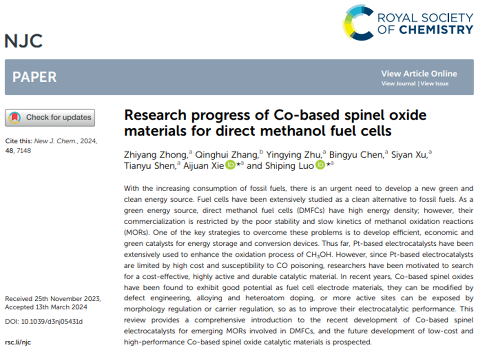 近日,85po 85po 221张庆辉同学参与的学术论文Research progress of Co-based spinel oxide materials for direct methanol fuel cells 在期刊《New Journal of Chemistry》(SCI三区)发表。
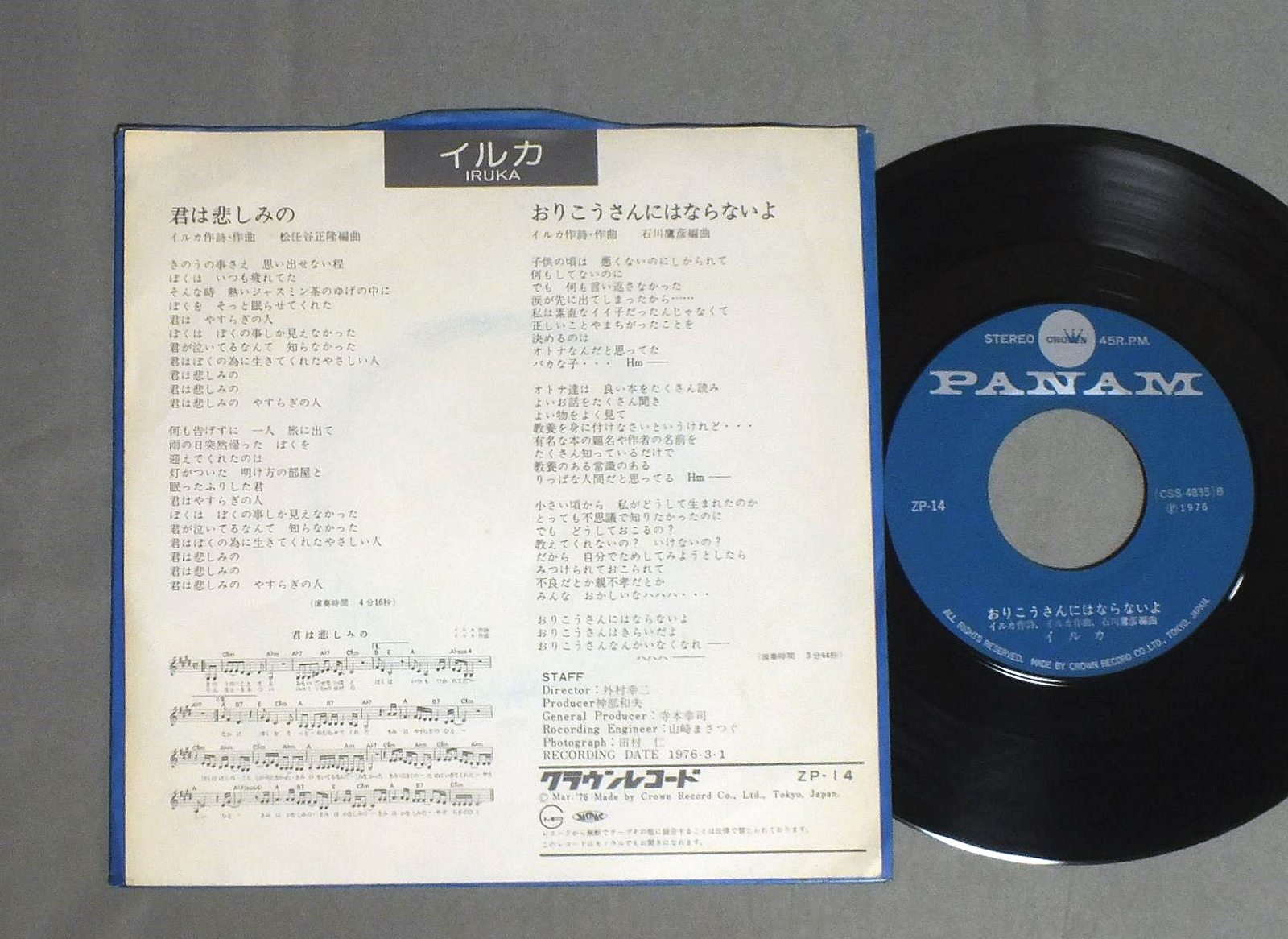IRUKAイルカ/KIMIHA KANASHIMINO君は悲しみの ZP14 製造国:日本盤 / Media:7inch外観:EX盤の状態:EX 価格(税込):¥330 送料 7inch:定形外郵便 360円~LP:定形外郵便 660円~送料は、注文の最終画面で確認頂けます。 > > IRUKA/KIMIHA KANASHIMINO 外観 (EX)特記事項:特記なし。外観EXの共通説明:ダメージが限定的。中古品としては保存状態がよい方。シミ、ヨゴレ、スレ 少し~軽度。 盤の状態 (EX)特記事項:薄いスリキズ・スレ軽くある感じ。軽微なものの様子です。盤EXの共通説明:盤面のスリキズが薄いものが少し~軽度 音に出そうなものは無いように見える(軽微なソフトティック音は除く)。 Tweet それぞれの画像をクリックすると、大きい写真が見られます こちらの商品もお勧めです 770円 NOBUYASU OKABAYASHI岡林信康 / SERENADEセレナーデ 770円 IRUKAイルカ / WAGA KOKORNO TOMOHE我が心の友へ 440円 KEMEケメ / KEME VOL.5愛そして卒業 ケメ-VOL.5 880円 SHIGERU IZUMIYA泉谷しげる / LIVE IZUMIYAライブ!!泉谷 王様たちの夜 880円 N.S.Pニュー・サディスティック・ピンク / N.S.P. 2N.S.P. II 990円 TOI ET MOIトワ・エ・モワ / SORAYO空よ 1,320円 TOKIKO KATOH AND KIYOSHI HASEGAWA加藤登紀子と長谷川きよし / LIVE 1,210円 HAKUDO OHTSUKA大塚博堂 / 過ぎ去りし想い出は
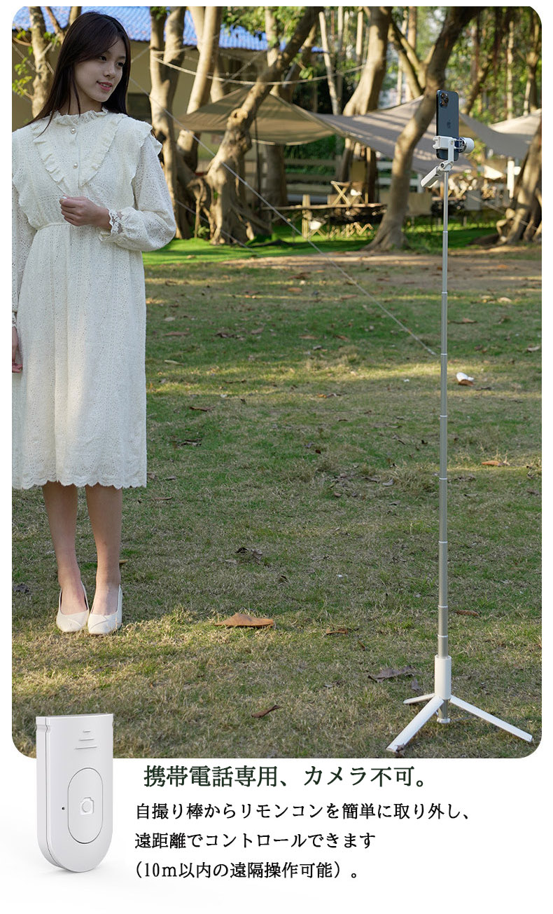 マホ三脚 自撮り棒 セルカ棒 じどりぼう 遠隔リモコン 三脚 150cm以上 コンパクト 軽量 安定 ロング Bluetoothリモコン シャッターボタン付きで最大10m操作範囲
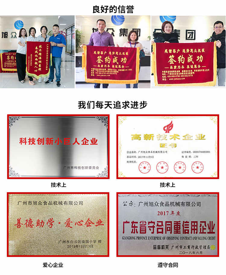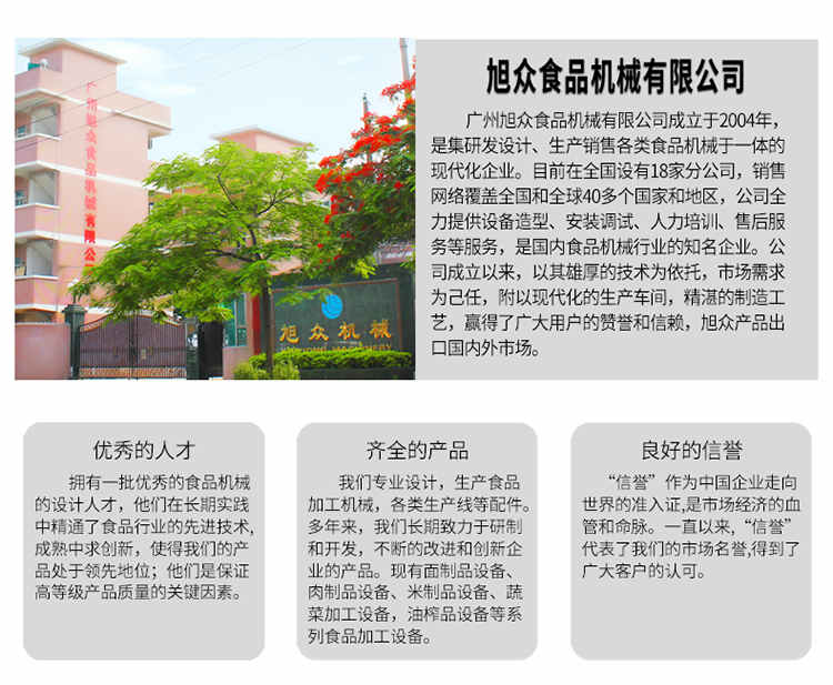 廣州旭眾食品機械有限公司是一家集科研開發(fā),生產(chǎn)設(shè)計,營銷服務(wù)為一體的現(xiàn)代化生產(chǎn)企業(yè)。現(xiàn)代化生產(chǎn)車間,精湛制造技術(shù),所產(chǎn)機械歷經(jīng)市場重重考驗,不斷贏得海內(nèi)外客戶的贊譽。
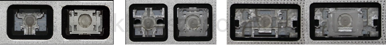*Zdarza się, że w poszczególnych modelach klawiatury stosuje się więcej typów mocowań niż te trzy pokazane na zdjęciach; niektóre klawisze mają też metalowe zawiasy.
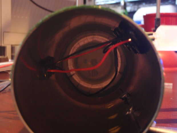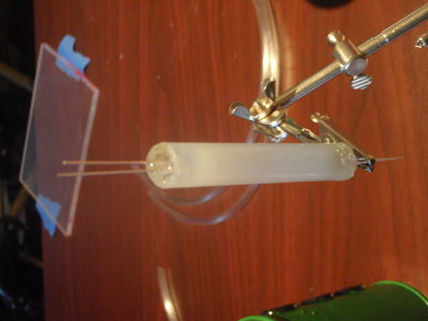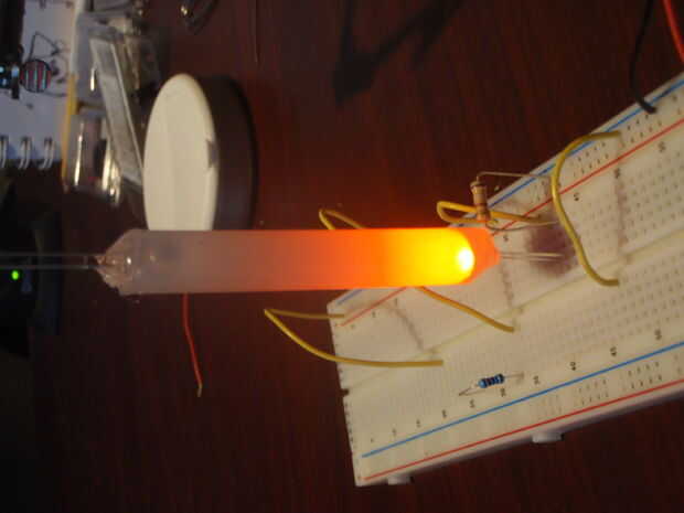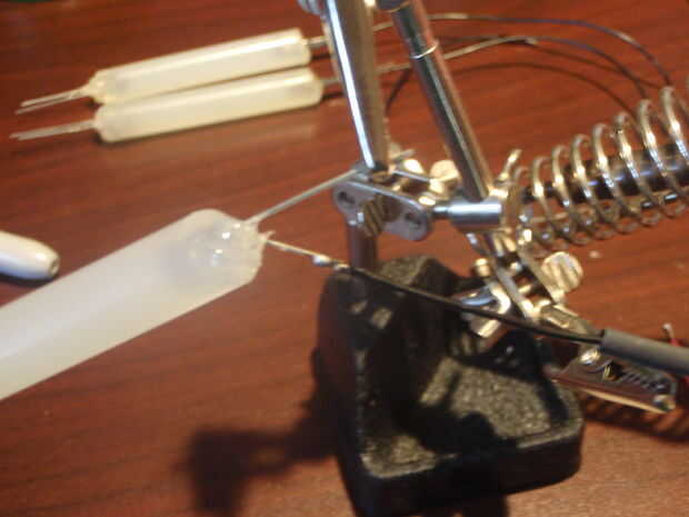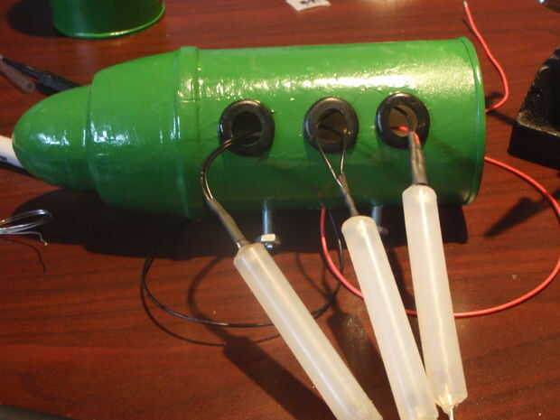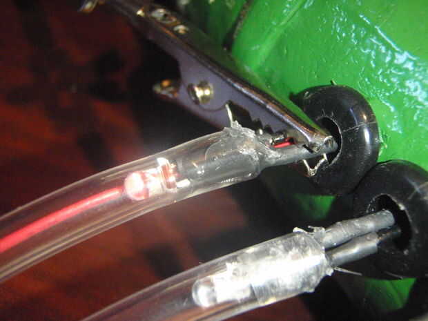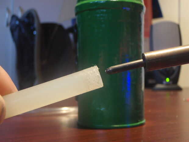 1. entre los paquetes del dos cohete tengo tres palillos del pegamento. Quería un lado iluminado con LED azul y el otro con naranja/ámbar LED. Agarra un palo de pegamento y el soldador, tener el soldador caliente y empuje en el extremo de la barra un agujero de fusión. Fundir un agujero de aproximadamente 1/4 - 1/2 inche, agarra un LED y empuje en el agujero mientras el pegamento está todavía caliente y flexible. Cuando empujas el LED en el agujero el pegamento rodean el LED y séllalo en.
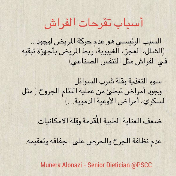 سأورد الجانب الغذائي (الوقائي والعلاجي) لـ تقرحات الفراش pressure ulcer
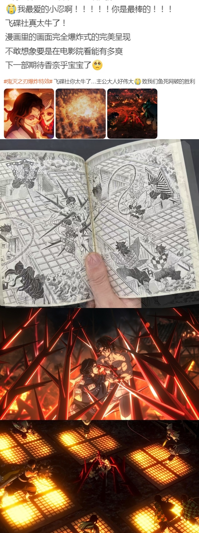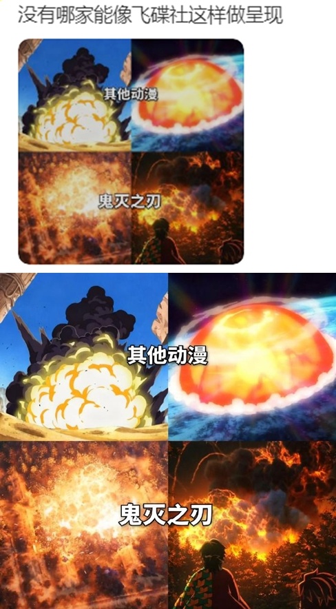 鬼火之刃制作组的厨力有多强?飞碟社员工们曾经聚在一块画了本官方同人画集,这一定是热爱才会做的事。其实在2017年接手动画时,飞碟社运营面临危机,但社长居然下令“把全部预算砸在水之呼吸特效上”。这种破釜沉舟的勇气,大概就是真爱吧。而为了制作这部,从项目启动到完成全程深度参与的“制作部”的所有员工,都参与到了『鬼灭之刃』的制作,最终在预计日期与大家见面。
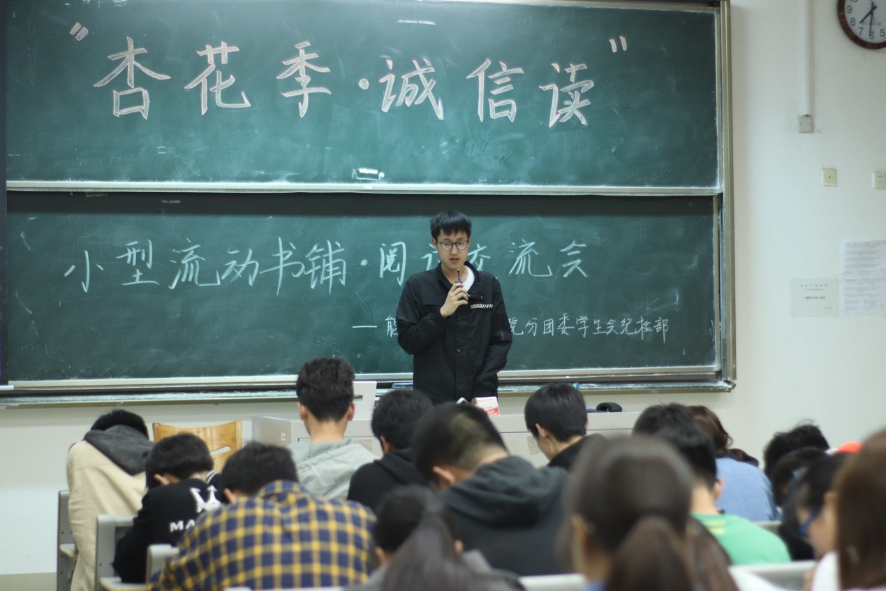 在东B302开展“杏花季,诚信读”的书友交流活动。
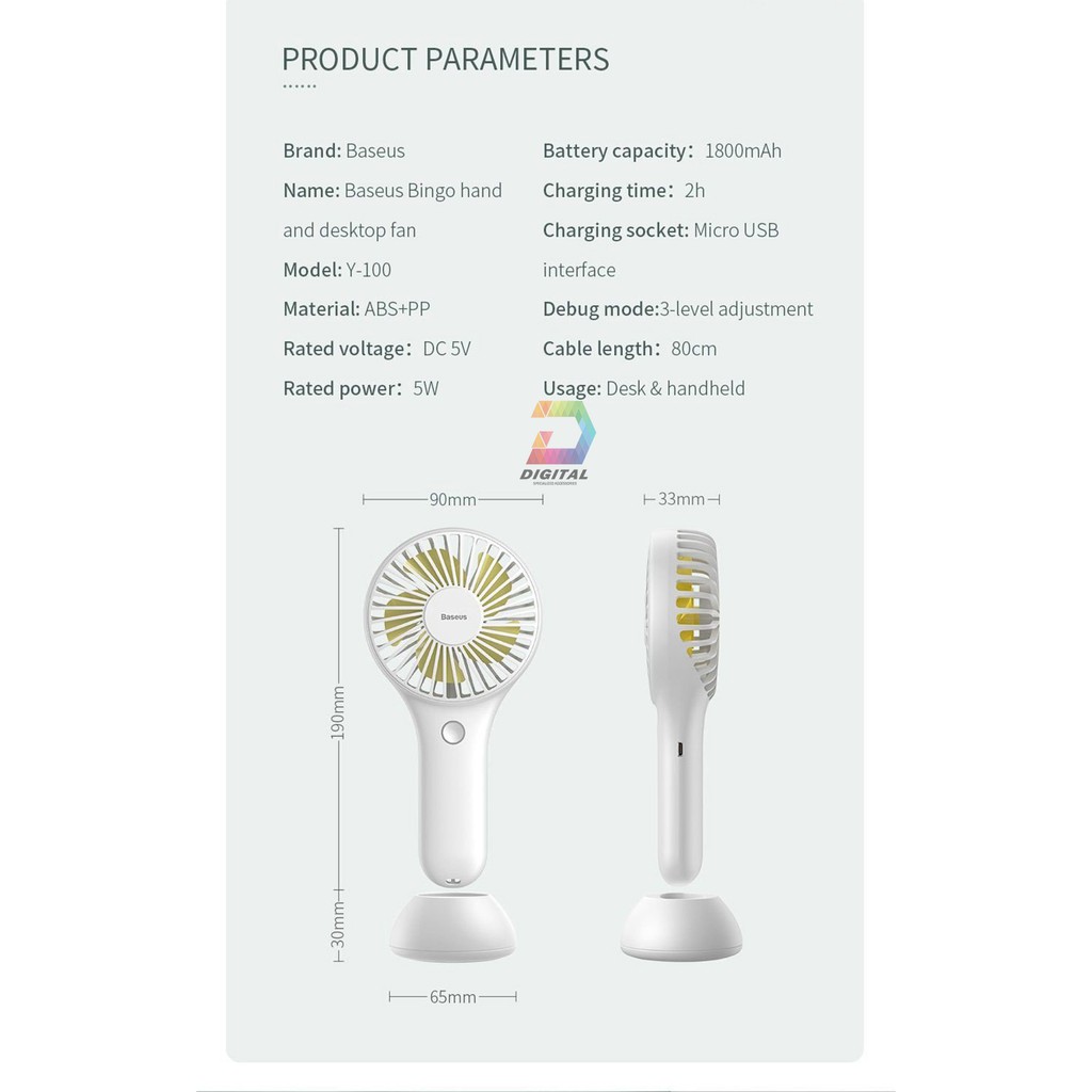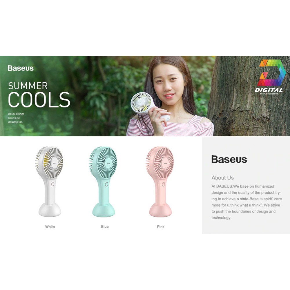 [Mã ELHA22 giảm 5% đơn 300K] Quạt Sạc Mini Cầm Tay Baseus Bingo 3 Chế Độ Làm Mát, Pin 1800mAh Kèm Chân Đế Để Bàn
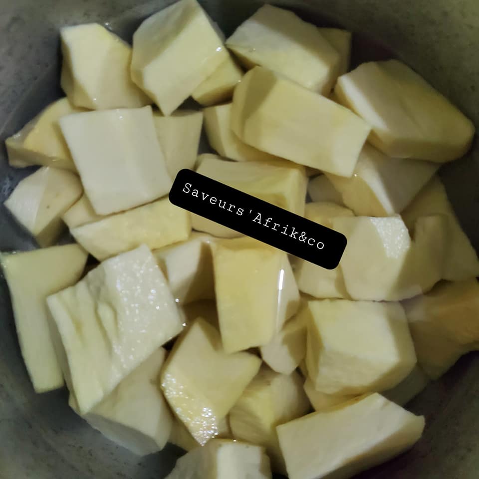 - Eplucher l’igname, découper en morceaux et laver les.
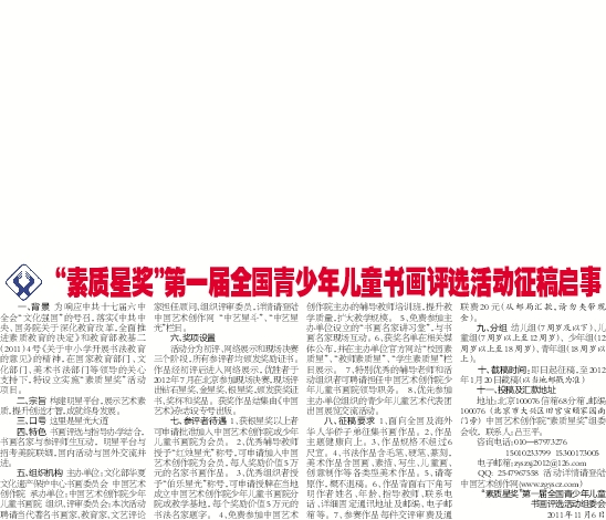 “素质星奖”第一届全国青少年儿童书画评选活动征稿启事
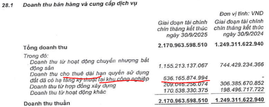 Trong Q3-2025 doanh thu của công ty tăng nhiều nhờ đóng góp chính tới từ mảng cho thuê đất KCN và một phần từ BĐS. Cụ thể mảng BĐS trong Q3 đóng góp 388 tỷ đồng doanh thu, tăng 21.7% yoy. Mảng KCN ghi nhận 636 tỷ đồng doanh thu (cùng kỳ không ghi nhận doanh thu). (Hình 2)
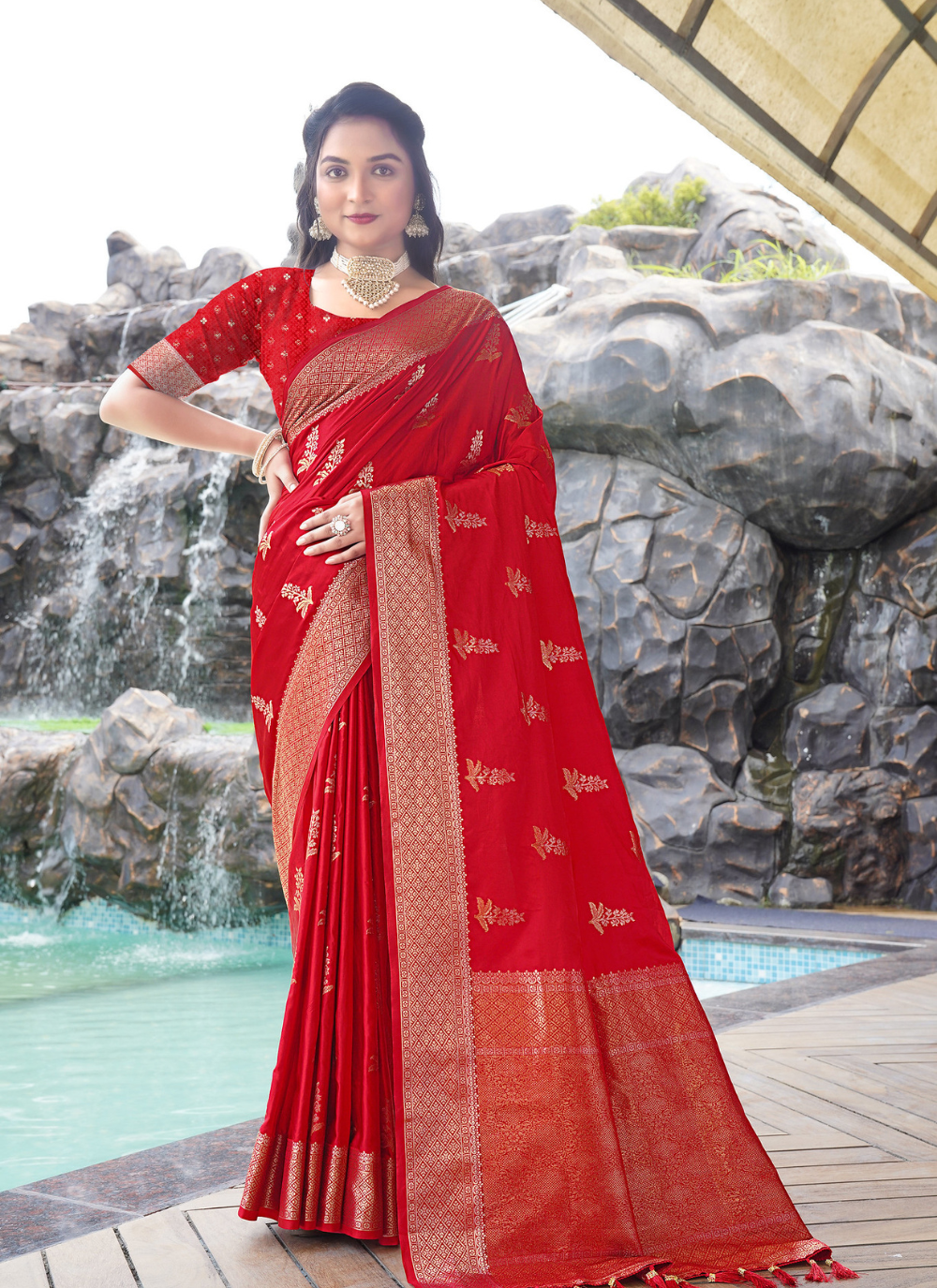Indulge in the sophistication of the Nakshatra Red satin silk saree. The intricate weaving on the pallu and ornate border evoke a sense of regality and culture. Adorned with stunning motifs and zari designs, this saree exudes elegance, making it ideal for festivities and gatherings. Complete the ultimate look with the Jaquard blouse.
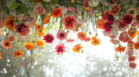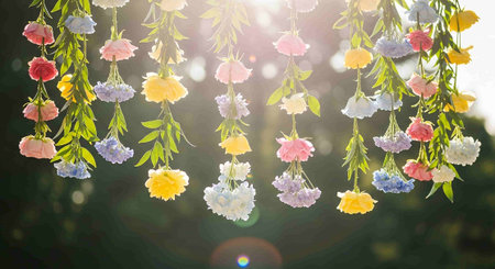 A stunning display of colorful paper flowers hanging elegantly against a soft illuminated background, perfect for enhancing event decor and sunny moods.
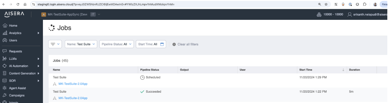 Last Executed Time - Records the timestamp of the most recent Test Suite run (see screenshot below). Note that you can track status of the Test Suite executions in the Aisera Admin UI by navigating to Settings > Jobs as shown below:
------------------------------------------------
§ Exercise directions: Working from the records above, set down word for word everything from the line containing "廣州旭眾食品機械有限公司是一" down to the line containing "Indulge in the", ends included, minus the pictures.

§ Solution for this task:
 廣州旭眾食品機械有限公司是一家集科研開發(fā),生產(chǎn)設(shè)計,營銷服務(wù)為一體的現(xiàn)代化生產(chǎn)企業(yè)。現(xiàn)代化生產(chǎn)車間,精湛制造技術(shù),所產(chǎn)機械歷經(jīng)市場重重考驗,不斷贏得海內(nèi)外客戶的贊譽。
*Zdarza się, że w poszczególnych modelach klawiatury stosuje się więcej typów mocowań niż te trzy pokazane na zdjęciach; niektóre klawisze mają też metalowe zawiasy.
 1. entre los paquetes del dos cohete tengo tres palillos del pegamento. Quería un lado iluminado con LED azul y el otro con naranja/ámbar LED. Agarra un palo de pegamento y el soldador, tener el soldador caliente y empuje en el extremo de la barra un agujero de fusión. Fundir un agujero de aproximadamente 1/4 - 1/2 inche, agarra un LED y empuje en el agujero mientras el pegamento está todavía caliente y flexible. Cuando empujas el LED en el agujero el pegamento rodean el LED y séllalo en.
 سأورد الجانب الغذائي (الوقائي والعلاجي) لـ تقرحات الفراش pressure ulcer
 鬼火之刃制作组的厨力有多强?飞碟社员工们曾经聚在一块画了本官方同人画集,这一定是热爱才会做的事。其实在2017年接手动画时,飞碟社运营面临危机,但社长居然下令“把全部预算砸在水之呼吸特效上”。这种破釜沉舟的勇气,大概就是真爱吧。而为了制作这部,从项目启动到完成全程深度参与的“制作部”的所有员工,都参与到了『鬼灭之刃』的制作,最终在预计日期与大家见面。
 在东B302开展“杏花季,诚信读”的书友交流活动。
 [Mã ELHA22 giảm 5% đơn 300K] Quạt Sạc Mini Cầm Tay Baseus Bingo 3 Chế Độ Làm Mát, Pin 1800mAh Kèm Chân Đế Để Bàn
 - Eplucher l’igname, découper en morceaux et laver les.
 “素质星奖”第一届全国青少年儿童书画评选活动征稿启事
 Trong Q3-2025 doanh thu của công ty tăng nhiều nhờ đóng góp chính tới từ mảng cho thuê đất KCN và một phần từ BĐS. Cụ thể mảng BĐS trong Q3 đóng góp 388 tỷ đồng doanh thu, tăng 21.7% yoy. Mảng KCN ghi nhận 636 tỷ đồng doanh thu (cùng kỳ không ghi nhận doanh thu). (Hình 2)
Indulge in the sophistication of the Nakshatra Red satin silk saree. The intricate weaving on the pallu and ornate border evoke a sense of regality and culture. Adorned with stunning motifs and zari designs, this saree exudes elegance, making it ideal for festivities and gatherings. Complete the ultimate look with the Jaquard blouse.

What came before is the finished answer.